**Your task**
Every line of the material must be given again verbatim. Skip the images.

**The data**
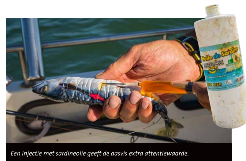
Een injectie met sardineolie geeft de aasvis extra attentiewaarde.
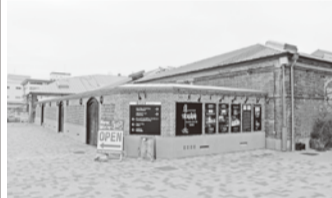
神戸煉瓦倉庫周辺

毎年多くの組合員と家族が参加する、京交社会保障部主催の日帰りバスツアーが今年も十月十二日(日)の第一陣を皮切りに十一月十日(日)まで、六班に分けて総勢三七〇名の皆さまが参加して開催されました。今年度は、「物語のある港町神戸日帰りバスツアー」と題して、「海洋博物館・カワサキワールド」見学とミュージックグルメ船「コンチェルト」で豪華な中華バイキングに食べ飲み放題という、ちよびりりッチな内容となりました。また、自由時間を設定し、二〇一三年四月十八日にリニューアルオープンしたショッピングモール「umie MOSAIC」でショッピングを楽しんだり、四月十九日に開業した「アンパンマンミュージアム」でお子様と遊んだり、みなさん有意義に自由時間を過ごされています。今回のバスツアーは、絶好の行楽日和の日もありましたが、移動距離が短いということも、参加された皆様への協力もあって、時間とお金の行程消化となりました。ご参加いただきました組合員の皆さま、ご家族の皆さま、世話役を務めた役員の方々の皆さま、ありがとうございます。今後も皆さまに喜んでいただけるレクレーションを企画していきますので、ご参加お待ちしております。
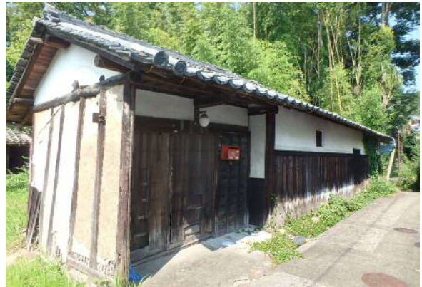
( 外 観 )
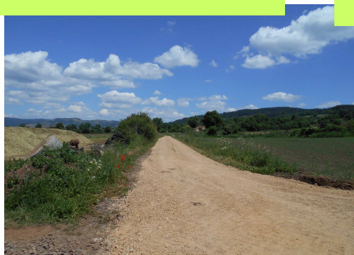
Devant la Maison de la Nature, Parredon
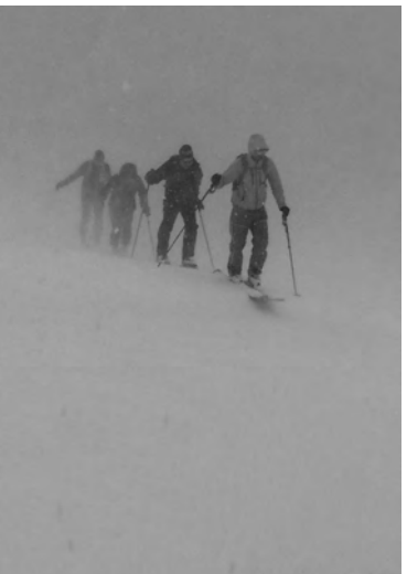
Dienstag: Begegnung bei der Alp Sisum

**Task result**
Een injectie met sardineolie geeft de aasvis extra attentiewaarde.
神戸煉瓦倉庫周辺

毎年多くの組合員と家族が参加する、京交社会保障部主催の日帰りバスツアーが今年も十月十二日(日)の第一陣を皮切りに十一月十日(日)まで、六班に分けて総勢三七〇名の皆さまが参加して開催されました。今年度は、「物語のある港町神戸日帰りバスツアー」と題して、「海洋博物館・カワサキワールド」見学とミュージックグルメ船「コンチェルト」で豪華な中華バイキングに食べ飲み放題という、ちよびりりッチな内容となりました。また、自由時間を設定し、二〇一三年四月十八日にリニューアルオープンしたショッピングモール「umie MOSAIC」でショッピングを楽しんだり、四月十九日に開業した「アンパンマンミュージアム」でお子様と遊んだり、みなさん有意義に自由時間を過ごされています。今回のバスツアーは、絶好の行楽日和の日もありましたが、移動距離が短いということも、参加された皆様への協力もあって、時間とお金の行程消化となりました。ご参加いただきました組合員の皆さま、ご家族の皆さま、世話役を務めた役員の方々の皆さま、ありがとうございます。今後も皆さまに喜んでいただけるレクレーションを企画していきますので、ご参加お待ちしております。
( 外 観 )
Devant la Maison de la Nature, Parredon
Dienstag: Begegnung bei der Alp Sisum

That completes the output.